Both fluorescence and phosphorescence can be used for cancer diagnosis, while ROS can be used for eliminating cancer cells. On the basis of the rational for exciting photosensitizers to generate fluorescence, phosphorescence or ROS, photosensitizers can be designed and optimized for integrated cancer diagnosis and anti-cancer therapy.

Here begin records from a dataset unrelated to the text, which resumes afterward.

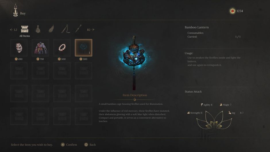 Получив фонарь, откройте меню снаряжения и перейдите в раздел «Предметы» в нижней части экрана. Выберите любой свободный слот и поместите в него бамбуковый фонарь. Прямо во время игры нажмите на стрелку «вверх» или «вниз» на крестовине, чтобы выбрать фонарь, а затем — на кнопку X (на контроллере PlayStation), чтобы его включить.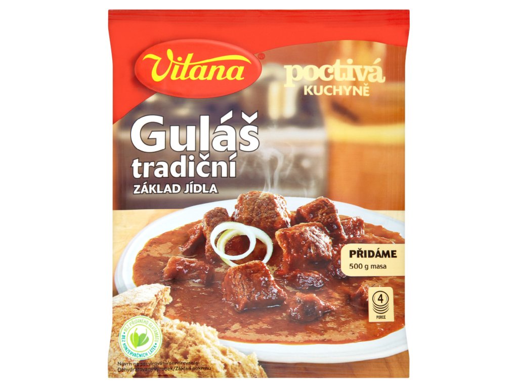 - 1. 500 g nesoleného masa (vepřového či hovězího) nakrájíme na kostky a prudce opečeme na oleji.2. Vsypeme obsah sáčku, důkladně promícháme a přidáme 500 ml vlažné vody.3. Vaříme pozvolna pod pokličkou, za občasného míchání, dokud není maso měkké (přibližně 55 – 60 minut).Stejným způsobem můžeme připravit guláš v tlakovém hrnci. V tomto případě přidáme pouze 300 ml vlažné vody a vaříme mírným varem asi 20 minut.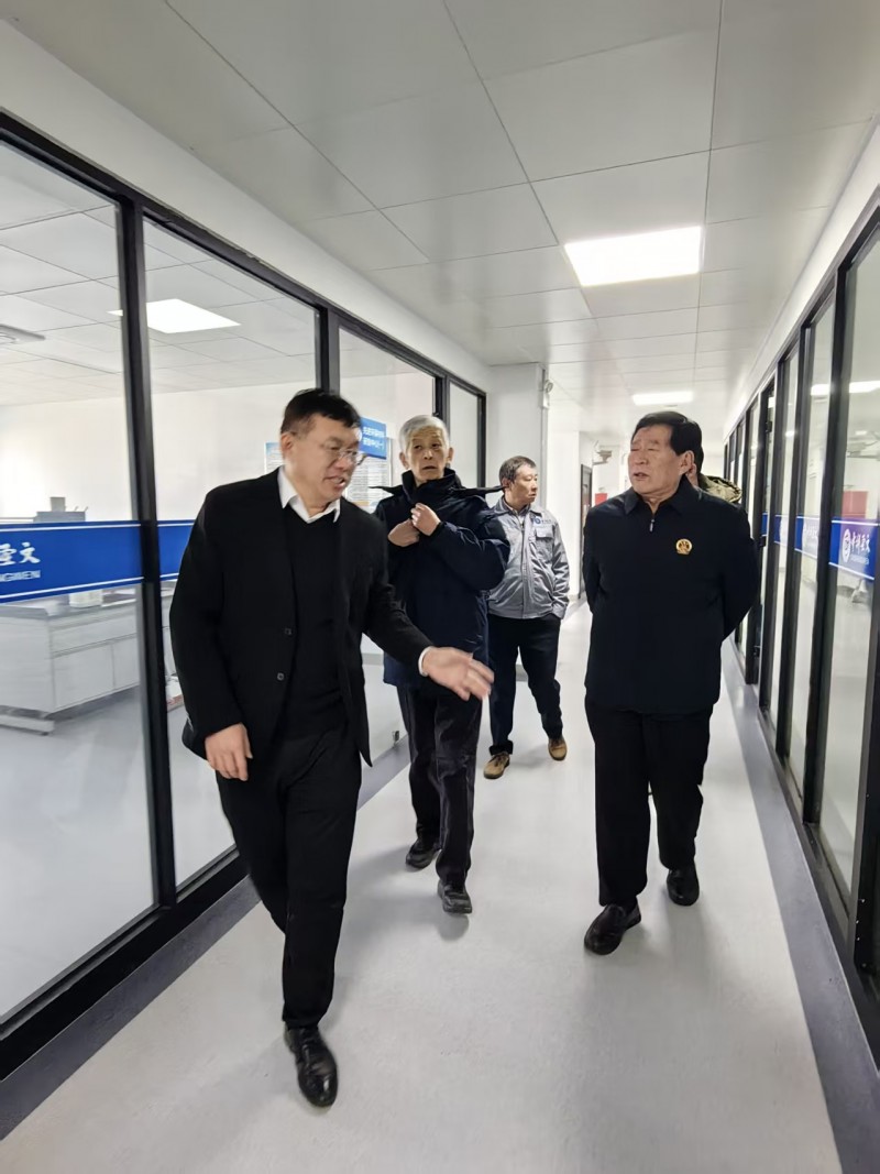 Feng Changfeng, president of Shandong Longpeptide Life Science and Technology Company, and senior executives accompanied Academician Zhang Guotu to inspect the production base of China Active Longpeptide Revitalizing Liquid in Yantai Development Zone.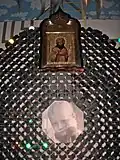 Symbolic display of road signs for the villages abandoned as a result of the disaster. To stress the tragedy of devastation, the signs are colored in black (instead of standard blue/white) and slashed with pink stripe (which designates "end of the settlement" on the actual signs). Above the signs is an authentic Khorugv from the abandoned village church.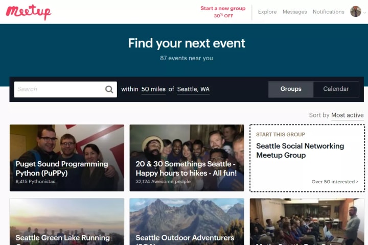 This site isn't your typical dating service because it doesn't revolve around finding people to go out with like Tinder and these other websites do. However, it's a fantastic way to find people who are interested in the same things you are, from mountain climbing to book-of-the-month clubs, language learning, and everything in between.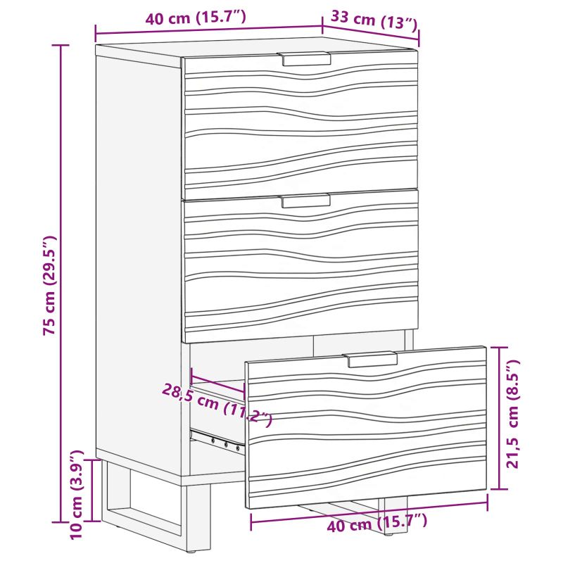 Този рустикален страничен шкаф наистина се откроява и е перфектен за добавяне на допълнително място за съхранение в всяка всекидневна. Има много яко текстурирано покритие с вълнообразни линии от масивна дървесина от манго, което му придава приятна рустикална атмосфера. Стилните черни железни крака завършват визията и правят шкафа да изглежда добре навсякъде. Можете да го ползвате и в трапезарии, комбинирайки стил с истинска полезност. Материал: Шкафът е направен от масивна дървесина от манго и инженерна дървесина, известни със своята здравина и издръжливост. В комбинация, тези материали издържат на износване, така че ще остане основна част в дома ви дълго време, изглеждайки рустикално стилно. Включени компоненти: Разполага с достатъчно места за съхранение на вашите ежедневни вещи. Чекмеджетата се плъзгат гладко, така че лесно можете да взимате необходимото. Здравите черни железни крака осигуряват стабилност и придават елегантен вид. Функционални характеристики: Създаден за практично съхранение, този шкаф предлага много пространство за организация на нещата и помага да поддържате дневната подредена. Многофункционален: Идеален за употреба в закрити пространства, особено в всекидневни. Рустикалният му вид работи с различни стилове, от уютен селски до модерен декор. Шкафът може да съхранява трапезарни принадлежности или да показва красиви елементи. Поддръжка: Просто го прашете редовно с мека, суха кърпа и ще изглежда свеж. Нужни са ви няколко души за сглобяване с отвертка и чук, следвайки инструкциите, за да бъде стабилен и да издържи във времето.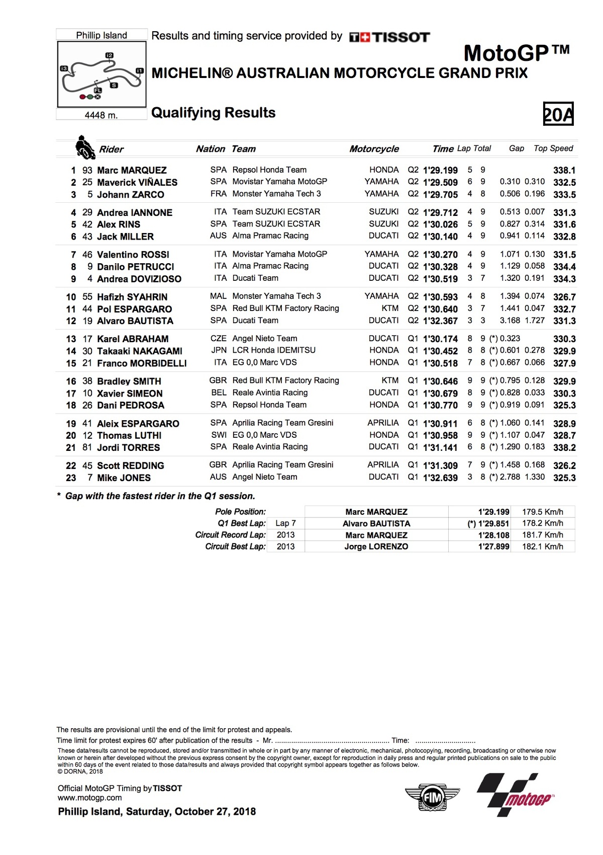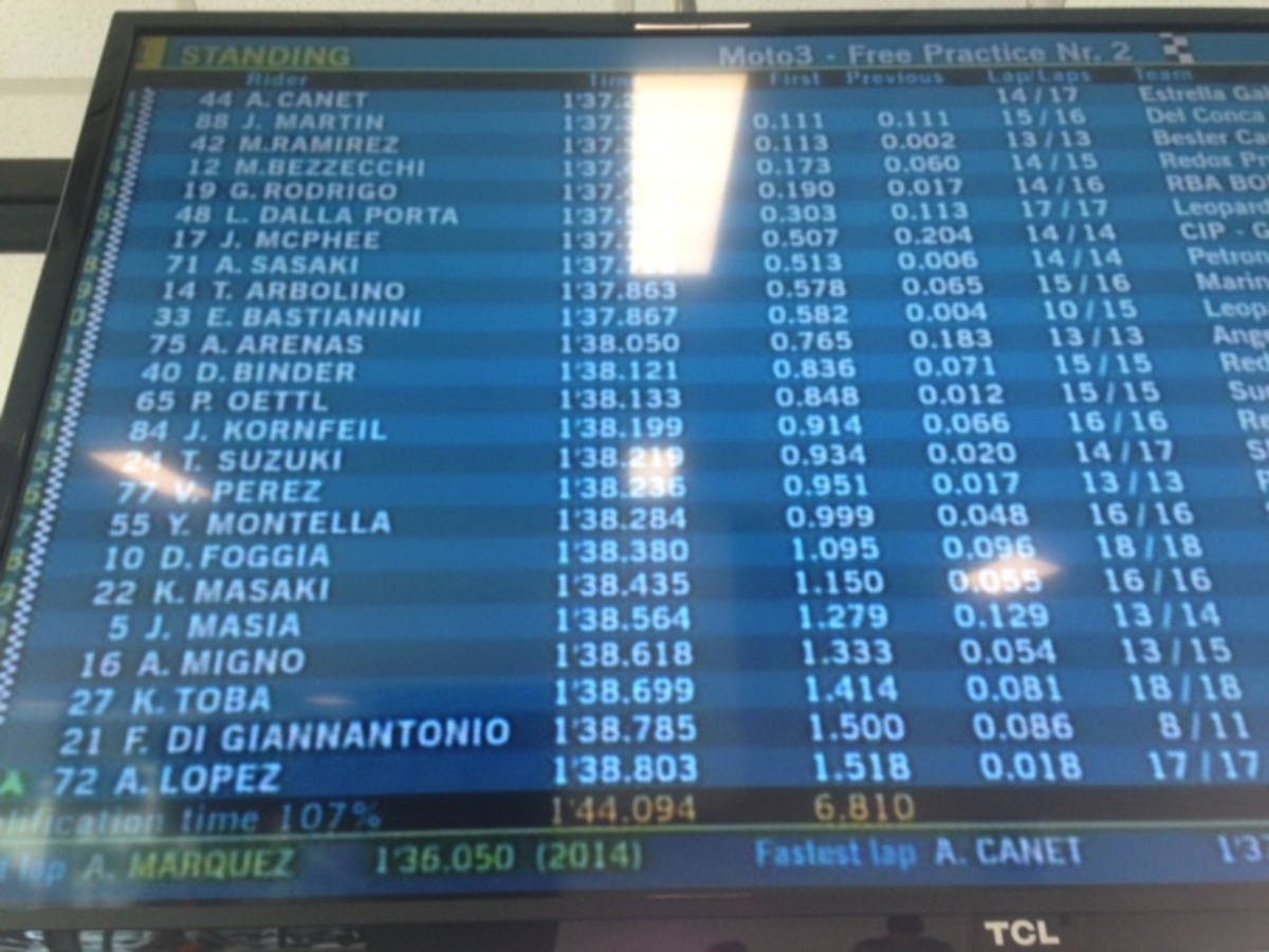 Per la Honda è stata invece una giornata un po’ difficile: sono caduti tutti i piloti “ufficiali”, con Marquez e Pedrosa a terra, senza conseguenze, nelle FP1. Marquez ha chiuso settimo: la posizione non è tanto preoccupante, perché Marc non dovrebbe aver cambiato gomma nel finale, ma lo è di più l’instabilità della sua RC213V, in difficoltà in inserimento e visibilmente “ballerina”. Nei dieci anche Alex Rins con la seconda Suzuki, solo 16esimo Aleix Espargaro con l’Aprilia, che ha anche provato una soluzione “mista” con alcuni particolari ciclistici del 2017 assemblati con parti del 2018.

Present Photosensitizers Used for PDT Treatment

Types of Photosensitizers

At present, major photosensitizers can be divided to two Types. Type I photosensitizers primarily react with biomolecules to generate ROS through processes such as electron transfer and hydrogen abstraction. Upon activation by light, these photosensitizers produce free radicals, including •OH and superoxide anions (O2•⁻).22 These highly reactive species can inflict oxidative damage on cellular components, such as lipids, proteins, and nucleic acids.23 As a result, Type I photosensitizers can induce cytotoxicity and cell death, even under hypoxic conditions, making them versatile agents in photodynamic therapy.19

In contrast, Type II photosensitizers function by transferring energy to molecular oxygen (O2) to generate ¹O2, a highly reactive form of oxygen.24 This mechanism requires the presence of molecular oxygen and occurs when the excited photosensitizer interacts with O2.25 Singlet oxygen can then react with various biomolecules, leading to oxidative damage and cellular apoptosis.22 Type II photosensitizers are particularly effective in photodynamic therapy for cancer treatment, as they specifically target tumor tissues while minimizing damage to surrounding healthy cells in the presence of adequate oxygen levels.

Organic Photosensitizers

Photosensitizers can be developed based on both organic and inorganic nanomaterials. Common organic photodynamic sensitizers include porphyrins, chlorin e6 (Ce6), Cyanine dyes, and phthalocyanine.26 Porphyrin is a dye molecule characterized by a large conjugated π system and is composed of four pyrrole units linked by methylene bridges (Figure 2A). Due to their unique optoelectronic properties, porphyrins and their derivatives can perform well in applications such as photodynamic therapy agents, biological imaging probes, and near-infrared fluorescent dyes. The inherent affinity of porphyrins for tumor cells allows for selective accumulation in tumor cells.27 Porphyrin derivatives also exhibit good biocompatibility and ease of modification. Derivatives containing heavy atoms and cations demonstrate high yields of reactive oxygen species, making them suitable for PDT treatment on tumors. Zinc protoporphyrin IX (ZP) shows a competitive advantage in binding to Heme oxygenase-1 (HO-1), which is highly expressed in solid tumors and has antioxidant defense functions, thus enhancing the PDT effect.28,29 The first-generation photosensitizer, Hematoporphyrin derivative (HPD), with its main effective component being dihematoporphyrin ether or ester, was the first photodynamic drug approved by the US Food and Drug Administration (FDA) in 1993 for the treatment of bladder cancer, showcasing exciting photodynamic effects while also making researchers aware of its shortcomings including low targeting ability of mixed porphyrin agents, poor water solubility, and insufficient photosensitivity during light treatment. Additionally, porphyrins typically exhibit their maximum absorption peaks between 400 and 600 nm, with inadequate tissue penetration while causing photosensitivity when excited by sunlight.30 The modification with heavy metals can block some pathways of fluorescence dissipation in porphyrins, while the addition of lanthanide ions, Gadolinium (III) (Gd3+), and Lutetium (III) (Lu3+) can enhance the ISC of porphyrins while preventing fluorescence quenching.31 Through strategies for enhancing their performance include amphiphilic modification, physical encapsulation, the construction of supramolecular polymers, and the creation of porphyrin organic frameworks, the application of porphyrins as photosensitizers in tumor therapy could be optimized.32

Figure 2 Some representative organic photosensitizers, based on which derivatives with modified structures and special characterizations or functions can be developed.(A) Porphyrin. (B) Chlorin e6. (C) Cyanine dye (C11). (D) Phthalocyanines. (E) Methylene blue. (F) 4,4-difluoro-boradiazaindacene.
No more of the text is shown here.